64      for (iteration=0; iteration<1000 && residual>1e-6; ++iteration)
65      {
66          ApplyJacobi(V, b, I, J);
67          residual = sum_sqr(V(I+1,J) + V(I-1,J) + V(I,J+1) + V(I,J-1)
68                             - (b(I,J) + 4.0*V(I,J)));
69      }
70  
71      // Print out the result.
72      std::cout << "Iterations = " << iteration << std::endl;
73      std::cout << "Residual = "   << residual  << std::endl;
74      std::cout << V << std::endl;
75
76      // Clean up and report success.
77      Pooma::finalize();
78      return 0;
79  }

The function sum_sqr() takes a 2-dimensional array of arbitrary type, with an arbitrary engine, as its argument. Templating this function by the value type of the array means that the function can be used efficiently for arrays of other types, such as int, without any changes. Templating on the engine tag type is at least as important, for reasons that will be discussed below.

Line 23 declares the function's result variable. This declaration uses the type parameter ValueType, so that sum_sqr will work for arrays of any base type supporting addition, product, and assignment (the three operations applied to sum and the values read from the array). Note that sum_sqr() is defined to return a ValueType as well.

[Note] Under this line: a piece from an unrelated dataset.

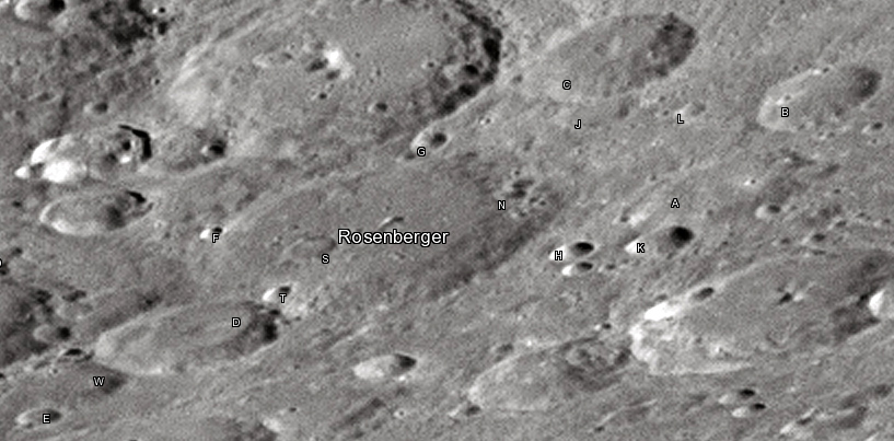 Rosenberger lunar crater as seen from Earth with satellite craters labeled

Lines 25-28 then determine the extent of the array A. The method Array::domain() returns an instance of the templated class Domain, which records the extent of the array's domain along each axis. Subscripting the result of A.domain() with 0 or 1 returns a temporary object that represents the size of the specified axis; the first() and last() calls on lines 25-28 therefore record the starting and ending indices of the array in both dimensions, regardless of the array's type or storage mechanism.

Lines 25-28 could also be written:

int first_0 = A.first(0),
    last_0  = A.last(0),
    first_1 = A.first(1),
    last_1  = A.last(1);

since Array provides short cuts for accessing domain extents.

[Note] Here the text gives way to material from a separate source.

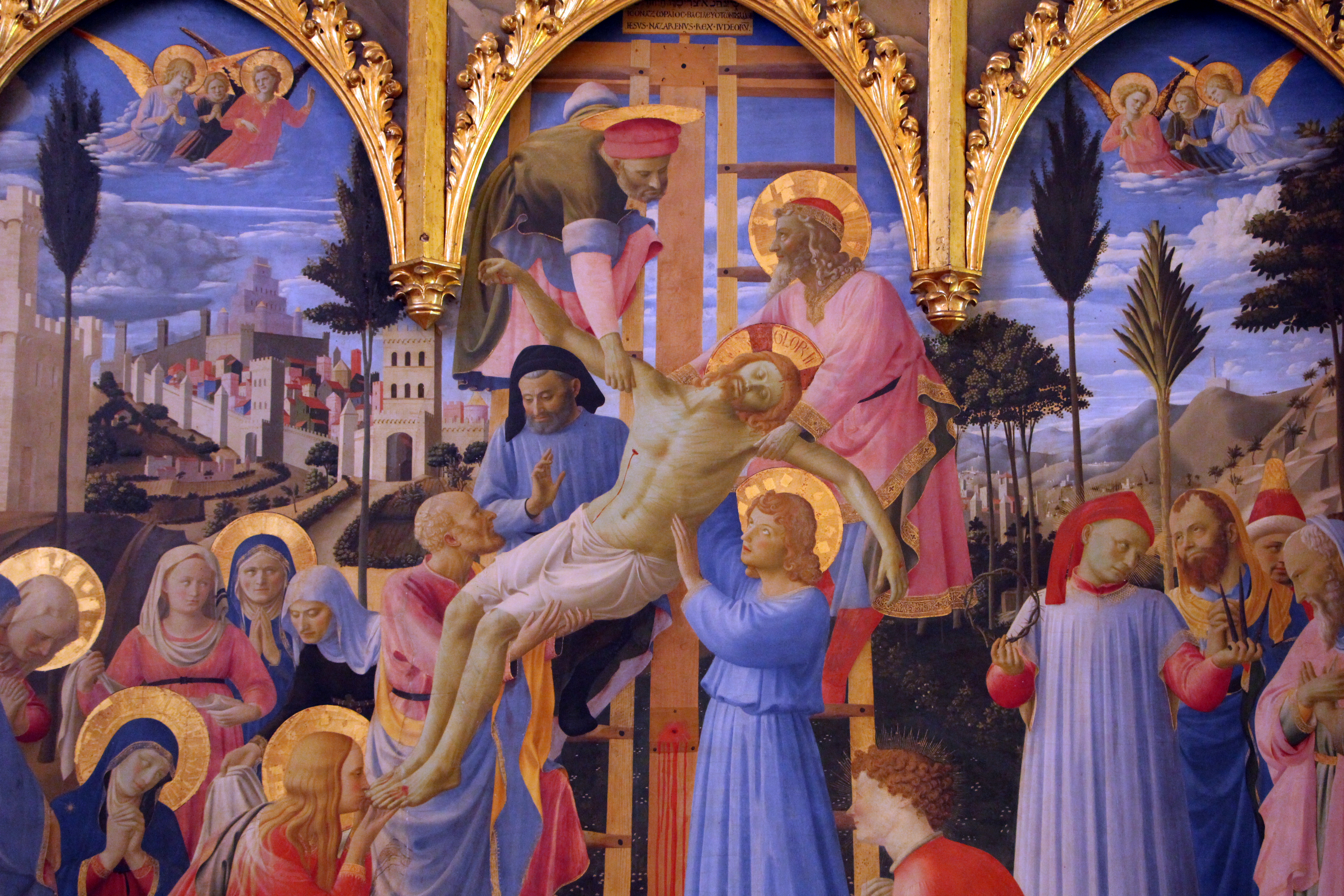 Descent from the Cross by Angelico

It is important to note that the indices to sum_sqr()'s argument A are contiguous; that is, they run from 0 to an upper bound with unit stride in both dimensions. One of the many purposes of the Array class is to map logical, user-level indices to an actual data area. Once an array section has been selected by using Intervals or Ranges as indices, that section appears to users to be compact and contiguous. Thus, the following (very contrived) code first sets every third element of a vector to 3, then sets every ninth element to 9, since the recursive call to setThree() selects every third element from its argument, which itself is every third argument of the original array:

const int N = 20;
Range<1> stride(0, N-1, 3);

void setThree(Array<1> a, double value, bool recurse)
{
    a = value;
    if (recurse){
        Range<1> newStride(0, (N-1)/3, 3);
        setThree(a(newStride), value*value, false);
    }
}

int main(int argc, char* argv[])
{
    Array<1> a(N);
    a = 0;
    setThree(a(stride), 3, true);
}

The rest of this function is straightforward. The nested loops beginning on line 30 traverse the array along both axes; the assignment on line 34 reads a value from the array, while that on line 35 accumulates the square of each value in sum.

More on Domains

POOMA provides a few useful shortcuts for working with domains, which can be used to generalize routines that manipulate arrays of varying sizes and shapes. The current version of the library provides three "wildcard" domains:

AllDomain<Dim> does not take any constructor arguments. It is interpreted to mean "the whole of the relevant domain".
LeftDomain<Dim>'s constructors take either a set of Dim integers, or a Loc<Dim>. It interprets these as the right endpoint of a new domain, and is used to specify a left (low-indexed) subdomain within a larger domain.
RightDomain<Dim> is similar to LeftDomain, but is interpreted as the left endpoint of a (high-indexed) subdomain within a larger domain.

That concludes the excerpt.